Re: [PATCH v2 4/4] livepatch/shadow: Add garbage collection of shadow variables

Petr Mladek <pmladek@xxxxxxxx> · Tue, 17 Jan 2023 16:01:57 +0100

Hi,

I am sorry for answering this so late. It somehow fallen under cracks.

On Sun 2022-11-13 10:51:38, Josh Poimboeuf wrote:
> On Fri, Nov 11, 2022 at 10:55:38AM +0100, Petr Mladek wrote:
> > > >From my experience, there are basically two relevant usage patterns of
> > > shadow variables.
> > > 1.) To hand over global state from one sublivepatch to its pendant in
> > >     the to-be-applied livepatch module. Example: a new global mutex or
> > >     alike.
> > > 2.) The "regular" intended usage, attaching shadow variables to real
> > >     (data) objects.
> > > 
> > > To manage lifetime for 1.), we usually implement some refcount scheme,
> > > managed from the livepatches' module_init()/_exit(): the next livepatch
> > > would subscribe to the shared state before the previous one got a chance
> > > to release it. This works in practice, but the code related to it is
> > > tedious to write and quite verbose.
> > > 
> > > The second usage pattern is much more difficult to implement correctly
> > > in light of possible livepatch downgrades to a subset of
> > > sublivepatches. Usually a sublivepatch making use of a shadow variable
> > > attached to real objects would livepatch the associated object's
> > > destruction code to free up the associated shadow, if any. If the next
> > > livepatch to be applied happened to not contain this sublivepatch in
> > > question as well, the destruction code would effectively become
> > > unpatched, and any existing shadows leaked. Depending on the object type
> > > in question, this memory leakage might or might not be an actual
> > > problem, but it isn't nice either way.
> > > 
> > > Often, there's a more subtle issue with the latter usecase though: the
> > > shadow continues to exist, but becomes unmaintained once the transitions
> > > has started. If said sublivepatch happens to become reactivated later
> > > on, it would potentially find stale shadows, and these could even get
> > > wrongly associated with a completely different object which happened to
> > > get allocated at the same memory address.
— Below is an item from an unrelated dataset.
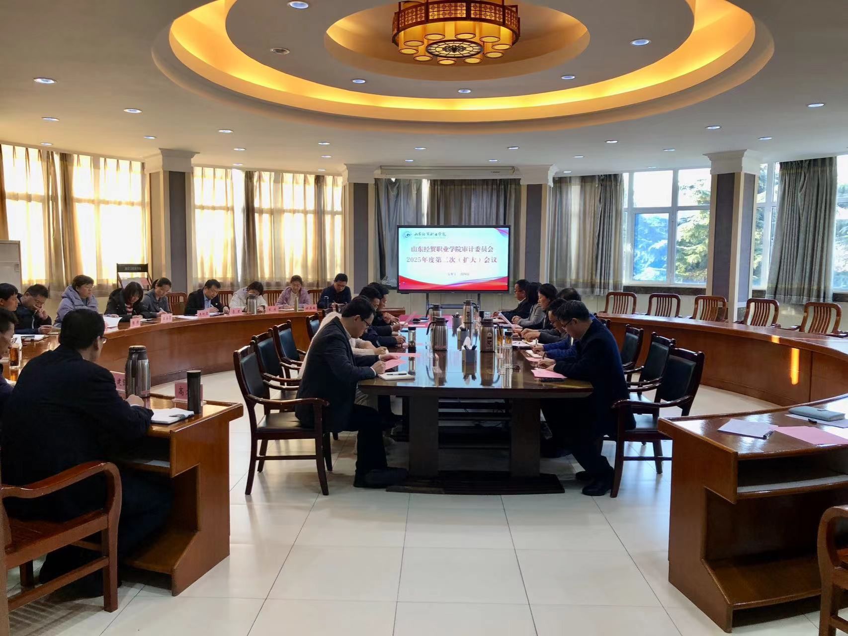 为强化明升体育_明升国际-【app*官网】内部审计监督、提升治理效能,2025年12月4日,山东经贸职业明升体育_明升国际-【app*官网】审计委员会2025年度第二次(扩大)会议在圆厅会议室召开。明升体育_明升国际-【app*官网】党委书记、审计委员会主任高志秀主持会议,党委副书记、院长、审计委员会主任陈卫国出席会议并讲话。

Depending on the shadow type,
> > > this might or might not be Ok. New per-object locks or a "TLB flush
> > > needed" boolean would probably be Ok, but some kind of refcount would
> > > certainly not. There's not much which could be done from the pre-unpatch
> > > callbacks, because these aren't getting invoked for atomic-replace
> > > downgrades.

IMHO, this is the reason why we should make it per-object.

If the shadow variable was used by a livepatched module and we remove
this module then the shadow variables would get unmaintained. It would
results in the problem described in this paragraph.

> > > We had quite some discussion internally on how to best approach these
> > > limitations, the outcome being (IIRC), that a more versatile callbacks
> > > support would perhaps quickly become too complex or error-prone to use
> > > correctly. So Petr proposed this garbage collection/refcounting
> > > mechanism posted here, which would solve the memory leakage issue as a
> > > first step (and would make shadow variable usage less verbose IMO).
> > > 
> > > The consistency problem would still not be fully solved: consider a
> > > refcount-like shadow, where during the transition some acquirer had been
> > > unpatched already, while a releaser has not yet. But my hope is that we
> > > can later build on this work here and somehow resolve this as well.
> 
> It would be great to have all this motivation for the new feature
> documented in shadow-vars.rst.
> 
> > > > Nicolai, your have the practical experience. Should the reference
> > > > counting be per-livepatched object or per-livepatch, please?
> > > 
> > > See above, I think it won't matter much from a functionality POV.
> > 
> > I would personally keep it tied together with the livepatched object
> > just to be on the safe side.
> 
> If downgrades are going to be commonplace then I agree my automatic
> detection idea wouldn't work so well.  And ref counting does make sense.
> 
> However I'm still not convinced that per-object is the way to go.
> Doesn't that create more room for human error?  There's no way to
> detect-and-warn if the wrong object is used, or if the variable is used
> by multiple objects but only one of them is listed.

I agree that these mistakes might happen. And I really do not see
any reasonable way how to auto-detect which livepatched object uses
which shadow variables.

Well, the per-object registration allows to register all shadow
types for the "vmlinux" object that is always loaded. It would
work as you suggested. I mean that it would keep the shadow variables
registered as long as the livepatch is loaded.

But I would still like to keep the registration per-object.
It would allow to handle re-load of livepatched modules
the right way when needed.

And I agree that we should document these pitfalls in the documentation.

> Per-patch shadow variable types would be easy to detect and warn on
> misuse.  And easy to automate in patch author tooling.
> 
> Also, I'm not crazy about the new API.  It's even more confusing than
> before.

I do not think that it made the API much worse. It actually made some
things more safe and easier.

The ctor/dtor callbacks are defined by the shadow type. It removes
the risk to passing a wrong one.

Also there is not need to free the unused shadow variables in
post_un() callbacks. It was actually pretty tricky because
it required the reference counting.

Best Regards,
Petr